Hot Tub Time Machine is a movie with the courage to ask, “Man, what happened to us?” and the honesty to answer, “Oh, that’s right: We came of age as acid-washed coke fiends during Reaganomics, heavy pastels and Poison concerts.” It’s a movie with the wisdom to remind us that those who don’t learn from shabby nostalgic kitsch are doomed to bring contemporary raunch standards to bear on it.

Time to change the water, boys. Hot Tub Time Machine resurrects some forgotten talents and sends them back to where they came from: the ’80s.

John Cusack, Rob Corddry and Craig Robinson play three early-midlife losers, so desperate to recapture the magic of that momentous Winterfest ’86 weekend that they happen upon a chance to relive it. And they do, making quite a stupid, funny go of it. 

In addition to Cusack himself, other period heroes playing along include a surly, one-armed bellhop (Crispin Glover), whose life-altering mishap we have the giddy pleasure of anticipating; and a cryptic repairman-necromancer (Chevy Chase), whose cosmic guidance deliberately grates. Also, Clark Duke plays the Cusack character’s dorkarrific nephew, who finds himself in the unpleasant position of trying not to impede his own conception, nor to witness it. 
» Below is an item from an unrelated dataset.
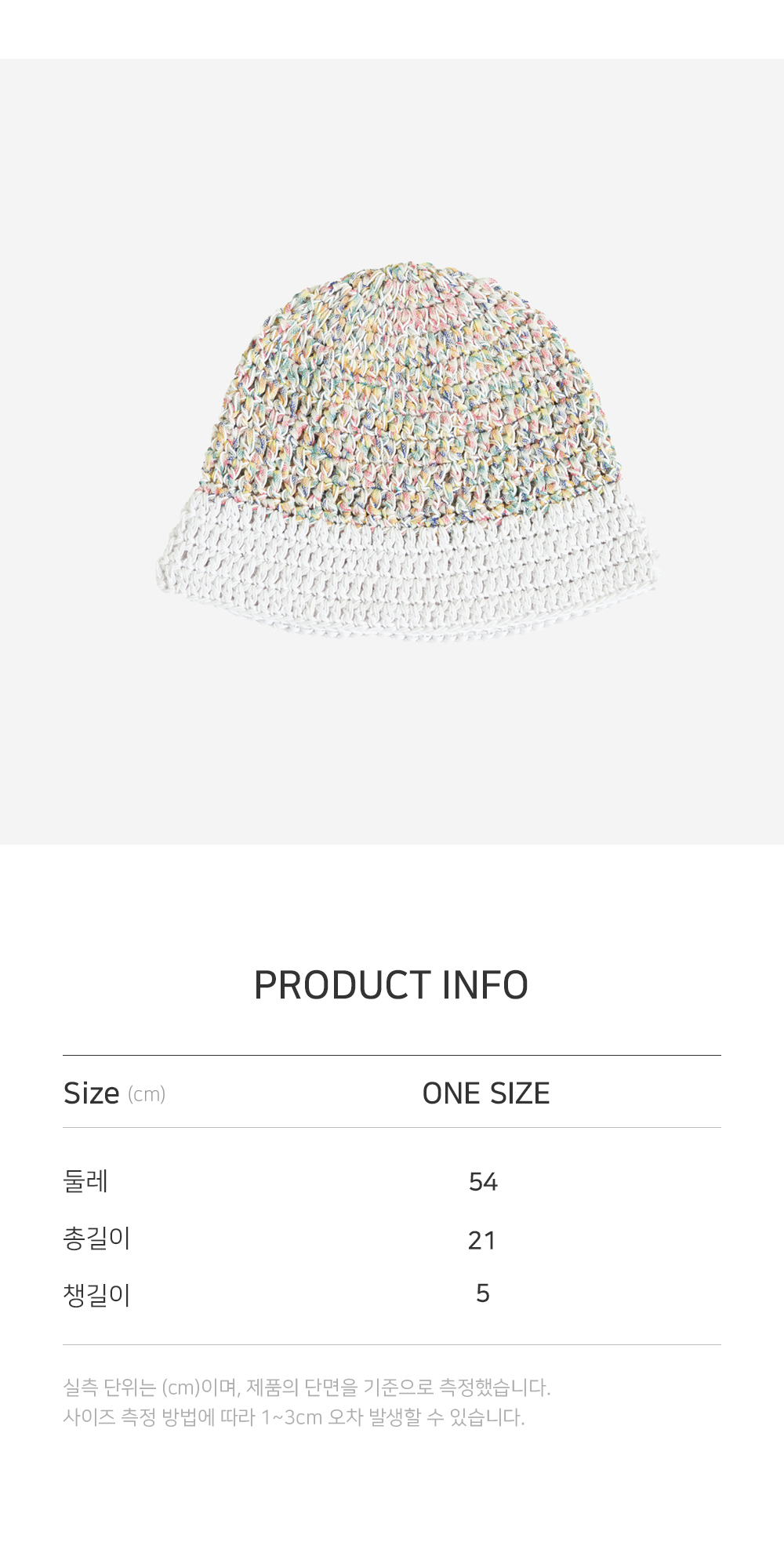 니트짜임의 구조에 따라 제품 사이즈가 1~2cm 정도 차이 날 수 있습니다.

The director is frequent Cusack collaborator Steve Pink, and the story credit belongs to Josh Heald, who shares screenwriting with Sean Anders and John Morris. Which means that Heald probably sat in a room with all those guys and said something like, “Dudes. Do you know what would be awesome? A movie about a hot tub time machine! And do you know what would be even more awesome? It’s set in the ’80s, with alumni of Caddyshack and Back to the Future and Better Off Dead. Here’s what I was thinking…”

At which point, had I been in that room that day, I might have said, “I don’t even need to see your treatment. You had me at hot tub time machine.”

That is, let’s just take a moment to appreciate what we’re dealing with here. The science-fiction fantasy of repurposing recreational amenities is a delicate art. There’s no telling how many atomic hibachis and jukebox teleporters and karaoke machine cloaking devices Heald had to rough out and discard before bringing the near-perfect conceptual elegance of Hot Tub Time Machine to the table.

After that breakthrough, who cares if the thing is written by committee? Division of labor is a great way to get through the gag checklist anyway. You put one guy on bodily-fluid duty, get somebody else administering the quota of boob flashes and ’80s movie references, and then just leave yourself available to inspiration—like the crucial idea for that chemically mysterious Russian energy drink to do double plot-point duty, first as accidental accelerant to the titular contraption, then as a possible weapon of mass destruction when your heroes run afoul of preppy ragers who were indoctrinated by Red Dawn

We can see the future, and it is big box office.